Restate the whole listing below word for word and keep the images out.

**DATA PROVIDED**

"""

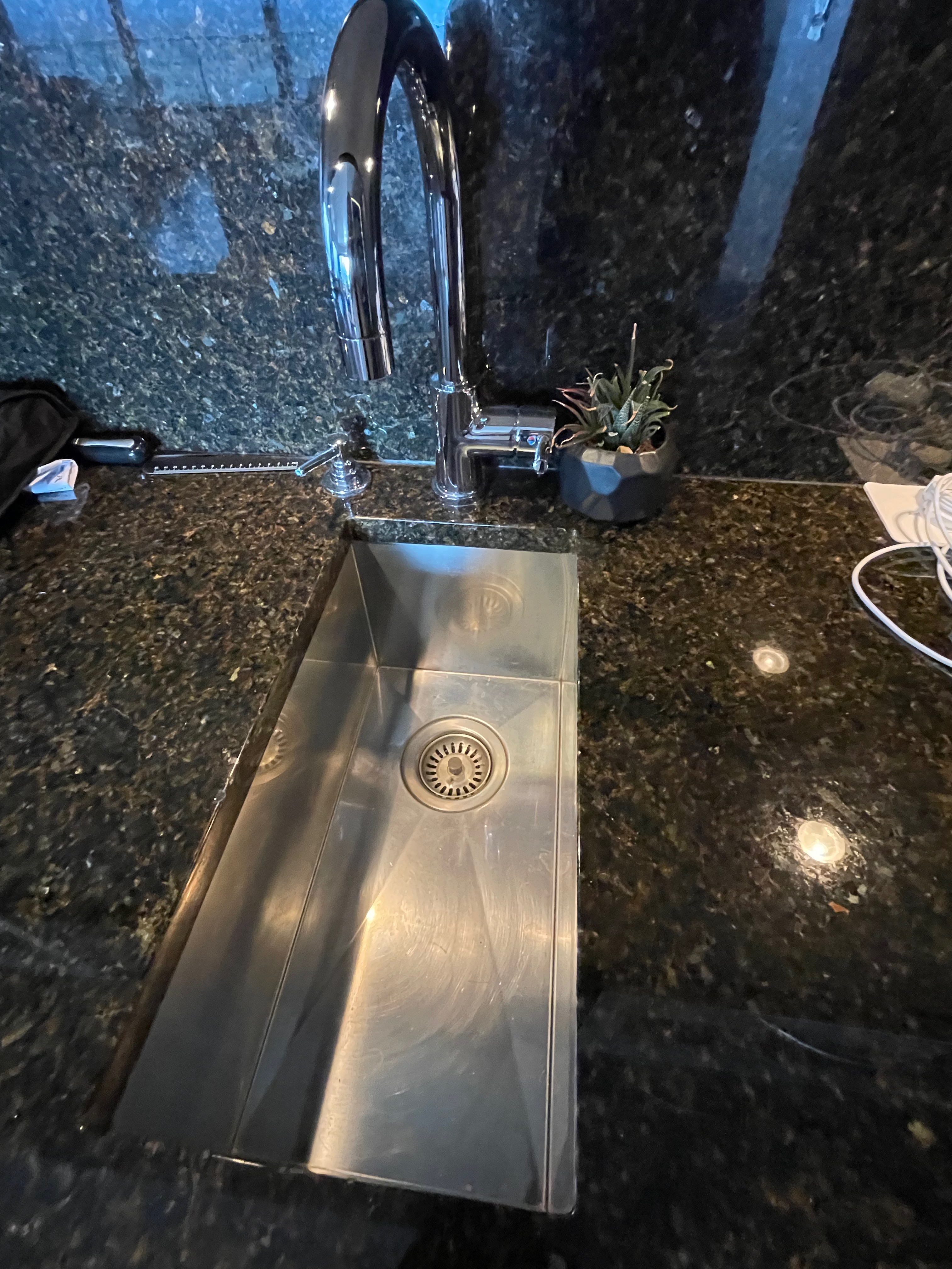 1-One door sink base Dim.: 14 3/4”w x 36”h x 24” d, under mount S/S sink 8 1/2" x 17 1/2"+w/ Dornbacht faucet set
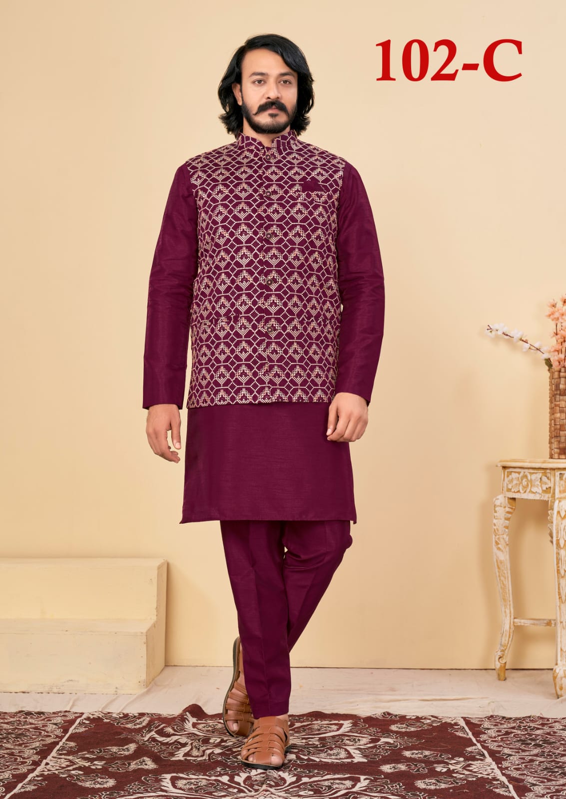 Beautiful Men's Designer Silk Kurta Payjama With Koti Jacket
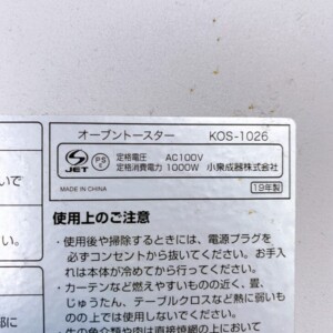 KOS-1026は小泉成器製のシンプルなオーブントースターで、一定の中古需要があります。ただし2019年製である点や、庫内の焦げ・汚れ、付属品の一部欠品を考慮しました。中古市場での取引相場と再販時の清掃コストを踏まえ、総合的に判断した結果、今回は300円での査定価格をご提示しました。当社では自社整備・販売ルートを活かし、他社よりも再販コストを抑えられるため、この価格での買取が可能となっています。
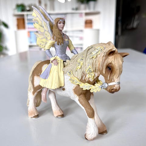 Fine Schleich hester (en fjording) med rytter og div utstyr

"""

**SOLUTION TO THIS EXERCISE**
 1-One door sink base Dim.: 14 3/4”w x 36”h x 24” d, under mount S/S sink 8 1/2" x 17 1/2"+w/ Dornbacht faucet set
 Beautiful Men's Designer Silk Kurta Payjama With Koti Jacket
 KOS-1026は小泉成器製のシンプルなオーブントースターで、一定の中古需要があります。ただし2019年製である点や、庫内の焦げ・汚れ、付属品の一部欠品を考慮しました。中古市場での取引相場と再販時の清掃コストを踏まえ、総合的に判断した結果、今回は300円での査定価格をご提示しました。当社では自社整備・販売ルートを活かし、他社よりも再販コストを抑えられるため、この価格での買取が可能となっています。
 Fine Schleich hester (en fjording) med rytter og div utstyr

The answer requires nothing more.